Retrieval-augmented generation (RAG) has become one of the go-to techniques for building better AI applications with large language models (LLMs). By pulling information from external sources—such as your organization’s document store—at query time, RAG enables AI systems to discover information and answer questions that extend beyond the LLM’s training data.
But if you've worked with RAG pipelines, you know that basic retrieval has its limits. Vector search can match documents based on semantic similarity, but it often retrieves isolated chunks of information without any understanding of how those chunks connect to one another.
That’s where graph RAG comes in. This post shows how the Graph RAG Project and its GraphRetriever make it easy to connect documents and knowledge in an intuitive and lightweight way, expanding the capabilities of RAG systems without creating much additional complexity.
What is graph RAG?
The concept is simple: combine RAG techniques with graph-structured knowledge to help LLMs retrieve connected, meaningful information — not just isolated text chunks. Instead of relying purely on document similarity, graph-based retrieval enables AI systems to traverse relationships: between topics, entities, events, or ideas.
Many graph RAG implementations have existed for some time, with varying levels of complexity and usability. While promising, many of these early graph RAG approaches were either hard to implement (needing heavy graph engineering) or too narrow (focused on specific datasets or knowledge types).

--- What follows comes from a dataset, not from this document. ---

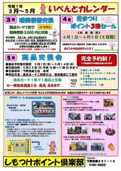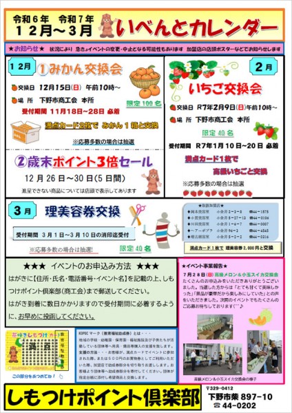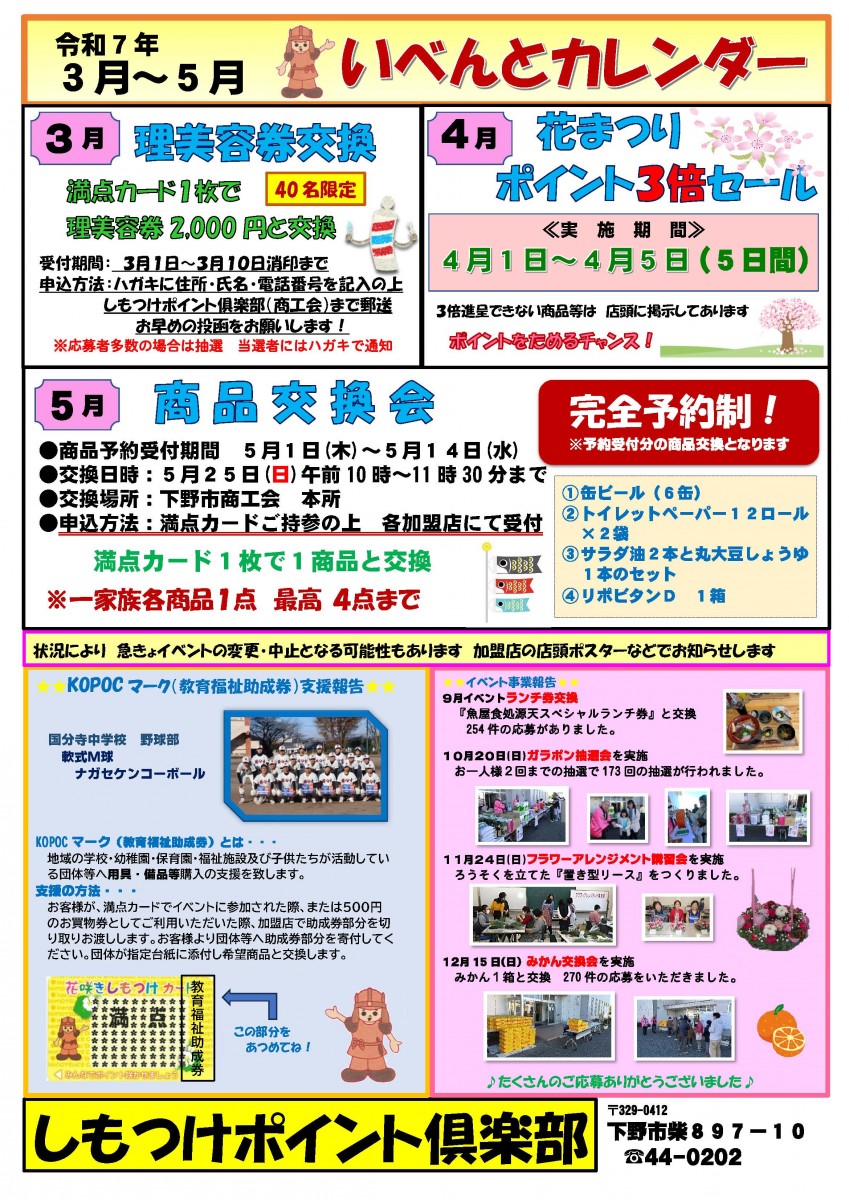 しもつけポイント俱楽部の「いべんとカレンダー(令和7年7月~令和7年9月)」を更新しました。

There wasn’t an easy, open-source way to apply graph-powered retrieval to general-purpose RAG pipelines—until now.
The Graph RAG Project and the GraphRetriever provide a simple way to make connections between documents in your vector store—all at query time, without the added complexity of building and storing a traditional knowledge graph.

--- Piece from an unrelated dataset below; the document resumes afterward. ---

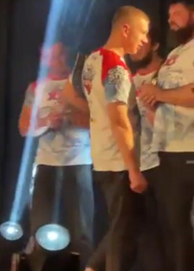A group of people, wearing matching white shirts with red and blue designs, is standing on a stage. A man in jeans is holding a microphone, looking down, and speaking. There are stage lights. One person in the group is a woman with her hair pulled back.

For reference, the project builds upon our own previous iterations on graph RAG, primarily the GraphVectorStore in LangChain—we now advise developers to use the GraphRetriever instead, as a cleaner and more extensible implementation.
In addition, we recently published an article (with code!) showing how pairing graph RAG with the Unstructured platform makes it extra simple to transform unstructured documents into structured, graph-ready data that works seamlessly with the GraphRetriever.

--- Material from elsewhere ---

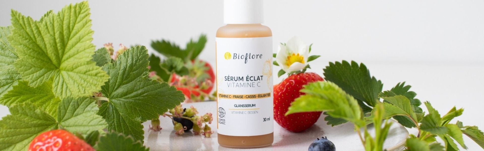 Le sérum éclat de Bioflore repose sur un choix de formulation intéressant : l’ascorbyl glucoside, un dérivé de vitamine C d’origine végétale.

GraphRetriever doesn’t need a stored graph or graph DB
A key feature of GraphRetriever is that it traverses connected documents using metadata alone. It does not require a pre-existing knowledge graph or a separate graph database.
Instead, GraphRetriever builds an in-memory, relevant subgraph at query time, based on simple rules that define how documents are related through their metadata fields. This keeps your architecture lightweight and flexible—you can start adding graph-style retrieval to your RAG system without having to pre-build a heavy, manually curated knowledge graph.
If your documents already have metadata like authors, topics, product categories, or hyperlinks, you can immediately take advantage of GraphRetriever's traversal capabilities.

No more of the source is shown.